Task directions
At the line with "コースは、区役所を出発し誓願", start transcribing; stop after the last line of the data below. Keep it exact and leave pictures out.

#### Extracted entries

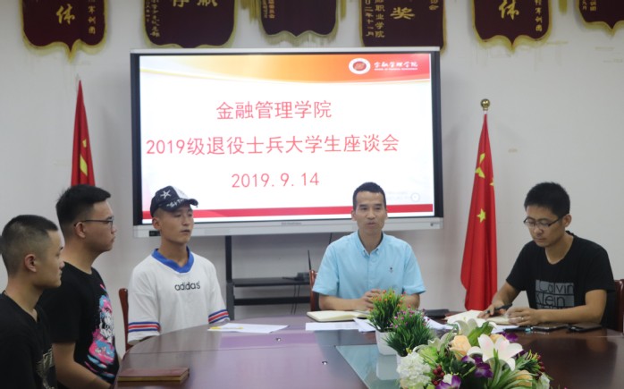 为了表示学院领导对新生退伍士兵的关切与问候,金融管理学院于9月14日在8218会议室召开金融管理学院2019级退伍士兵新生座谈会。出席本次座谈会的领导是金融管理学院党总支副书记钱利安、学院学工办副主任宋春旗,全体2019级退役士兵大学生。
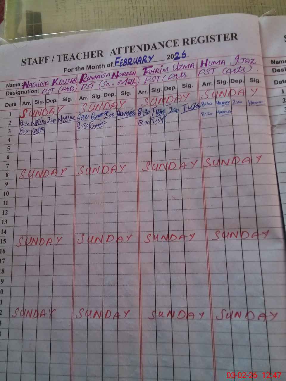 | Remarks (Use Separate Page if Required): 11 students difference in Roznamcha and head count School boundary wall construction is in progress Nursery and ECE class attendance is noted from roznamcha as these classes packed up 35220433 | |||||
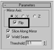 3. در قسمت Parameters ، قسمت مربوط به Mirror Axis را به X تنظیم کرده و گزینهی Flip را تیک بزنید.
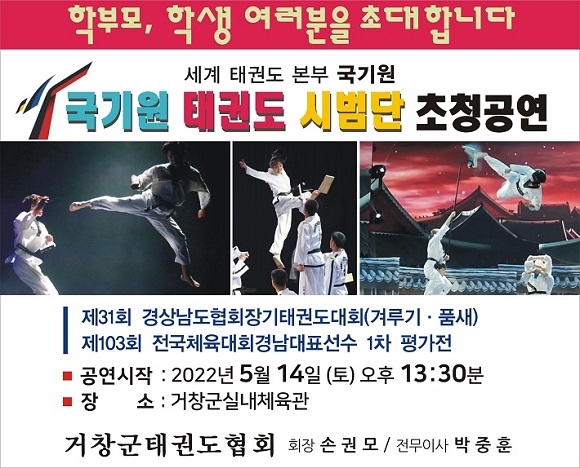 특히 이번 대회에는 세계 최고의 권위를 자랑하는 대한민국 국기원 태권도시범단의 특별공연이 예정돼 있으며, 이동섭 국기원장과 김오영 경남생활체육회장이 직접 대회장을 방문하여 경남 태권도인들의 자부심을 높이는 장이 될 것으로 보인다.
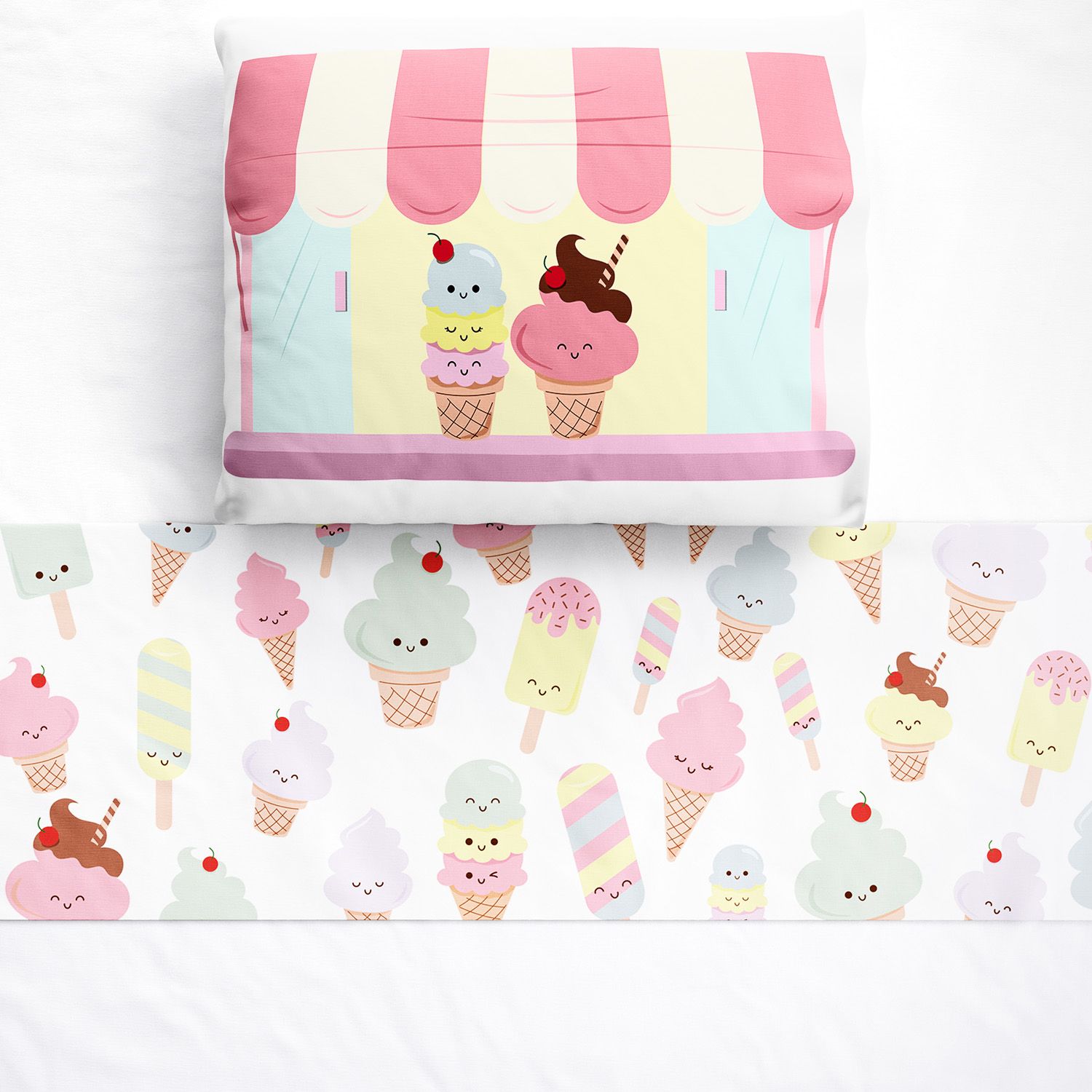 Jogo de Lençol Berço Sorvete Colorê 3 peças
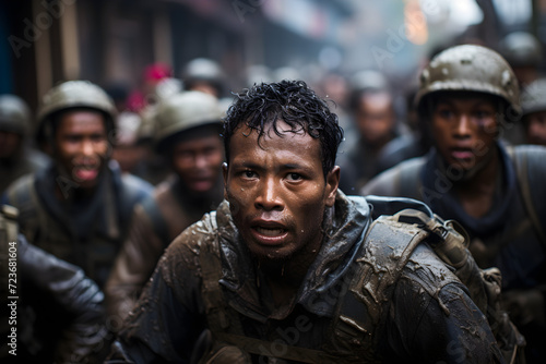 © Impact AI, Fototapeta premium Soldiers helping civilian evacuation from city war zone
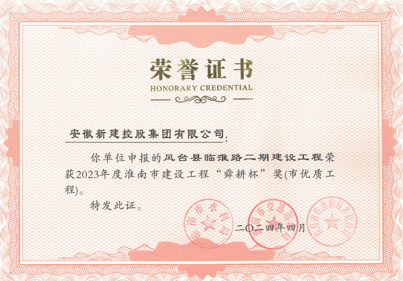近日,集團(tuán)公司收到淮南市住房和城鄉(xiāng)建設(shè)局、淮南市交通運(yùn)輸局、淮南市水利局聯(lián)合頒發(fā)的證書,公司承建的鳳臺(tái)縣臨淮路二期(西段)建設(shè)工程榮獲2023年度淮南市建設(shè)工程“舜耕杯”獎(jiǎng)(市優(yōu)質(zhì)工程)。
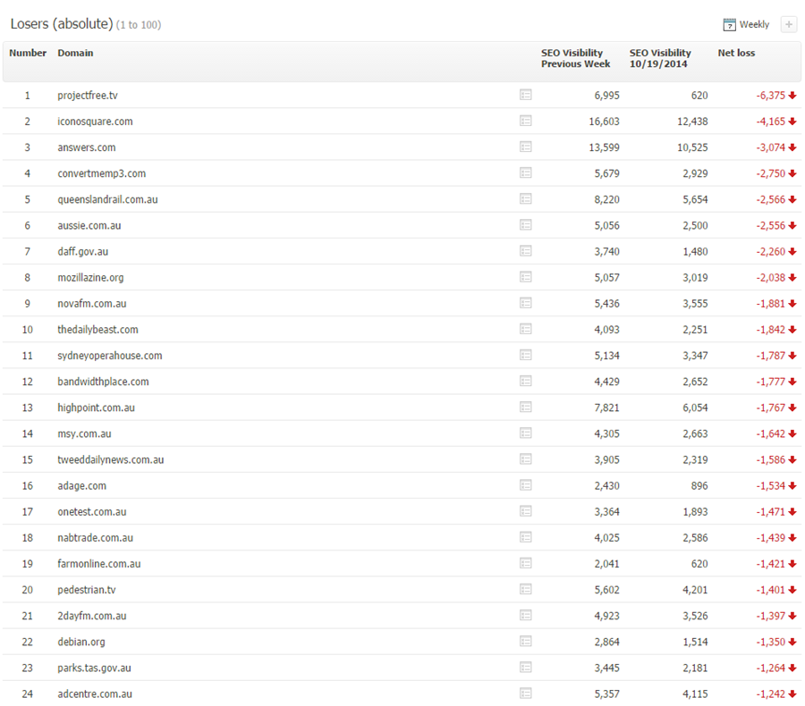 Jak vidíme na následující tabulkách, propady byly ve sledovaných dnech hlavní a poslední aktualizace Penguina následující:
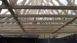 Wood is used in the construction of buildings, bridges, trackways, piles, poles for power lines, masts for boats, pit props, railway sleepers, fencing, hurdles, shuttering for concrete, pipes, scaffolding and pallets. In housebuilding it is used in joinery, for making joists, roof trusses, roofing shingles, thatching, staircases, doors, window frames, floor boards, parquet flooring, panelling and cladding.[126]
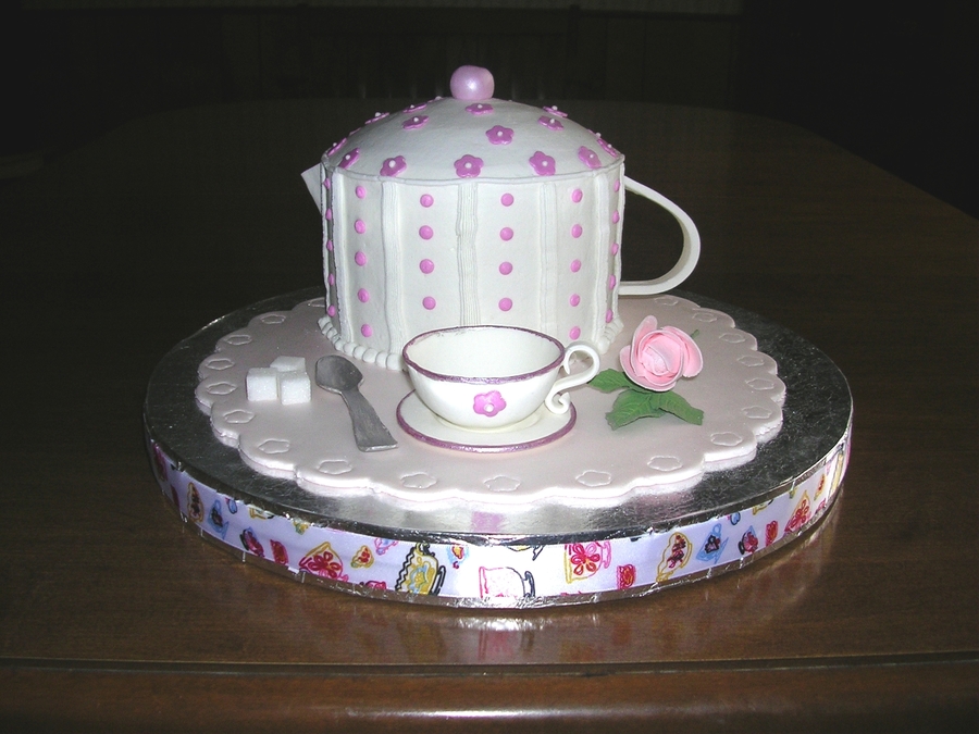 Teapot is 3 layers of 6 inch rounds, the bottom two are leveled and the top layer baked without bake even strips to create the rounded dome on top. Iced in buttercream with fondant and buttercream accents. Cup and saucer, spoon and rose are all gumpaste. Doily is fondant brushed with pearl dust and imprinted with a flower cutter. I made this for my mom's birthday.
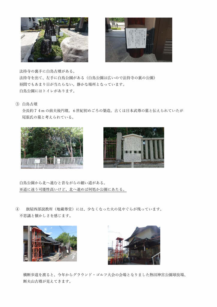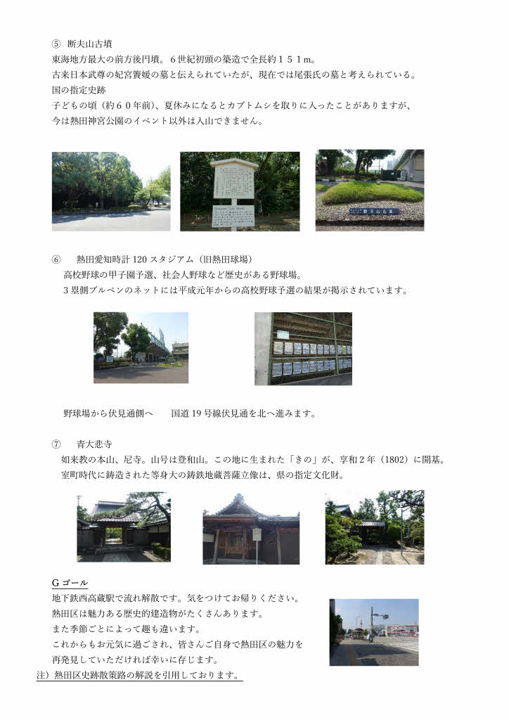 コースは、区役所を出発し誓願寺、白鳥山法持寺、白鳥古墳、旗屋西部説教所、断夫山古墳、旧熱田球場、青大悲寺を巡り季節を感じながら散策し、街の魅力を再発見したウォーキングとなりました。
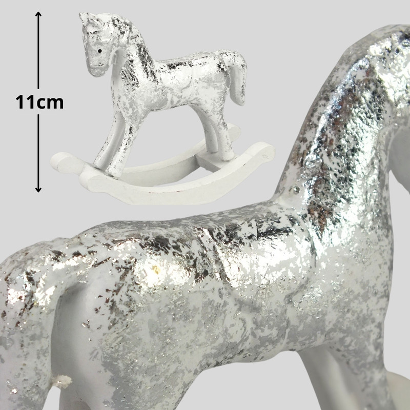 Fából készített díszes hintaló, festett dekor kiegészítő és dekorációs elem.
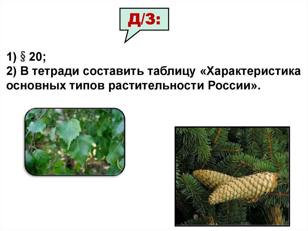 12. Задание: используя §20, заполнить таблицу «Характеристика основных типов растительности России».
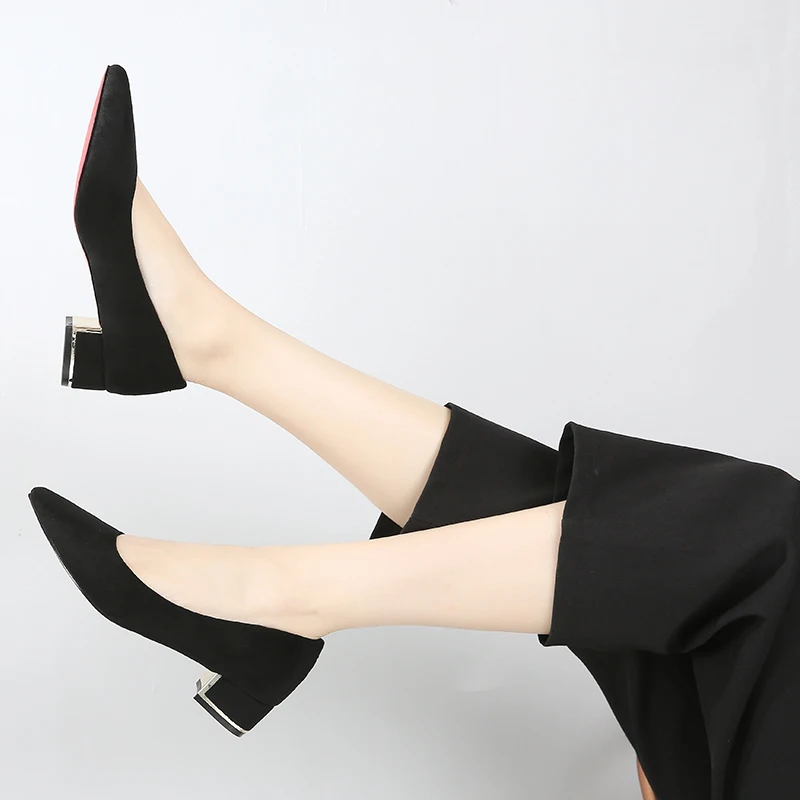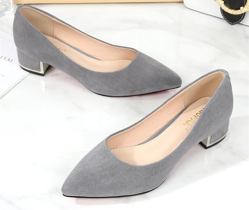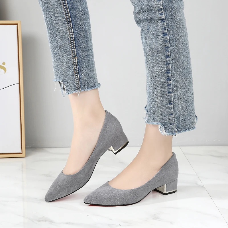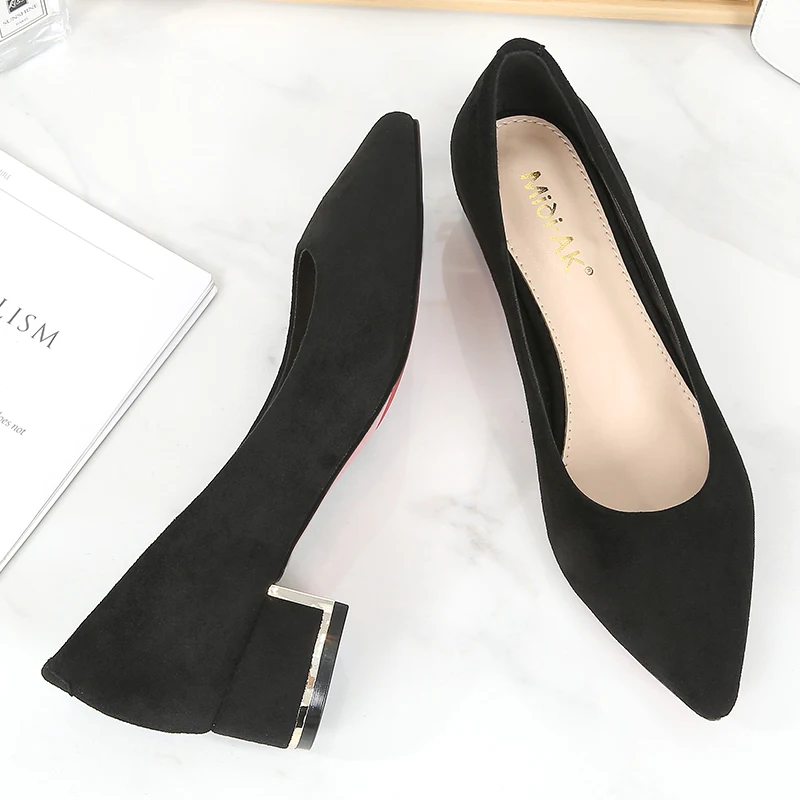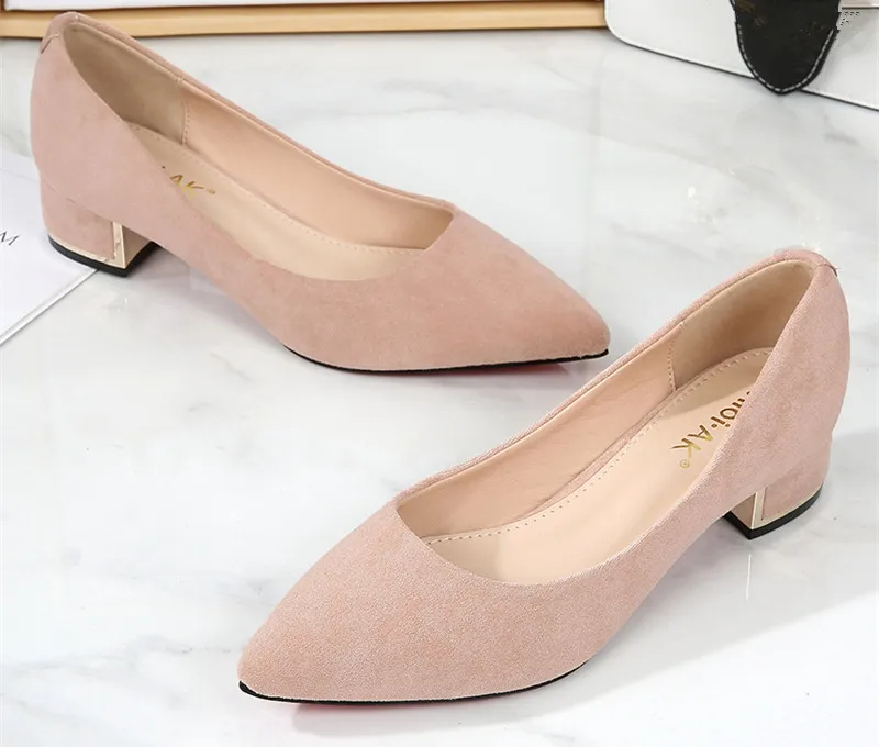 Туфли-лодочки женские с острым носком, простые, из флока, на среднем квадратном каблуке, повседневные, для работы и офиса, E0001

########

Your solution
 コースは、区役所を出発し誓願寺、白鳥山法持寺、白鳥古墳、旗屋西部説教所、断夫山古墳、旧熱田球場、青大悲寺を巡り季節を感じながら散策し、街の魅力を再発見したウォーキングとなりました。
 Fából készített díszes hintaló, festett dekor kiegészítő és dekorációs elem.
 12. Задание: используя §20, заполнить таблицу «Характеристика основных типов растительности России».
 Туфли-лодочки женские с острым носком, простые, из флока, на среднем квадратном каблуке, повседневные, для работы и офиса, E0001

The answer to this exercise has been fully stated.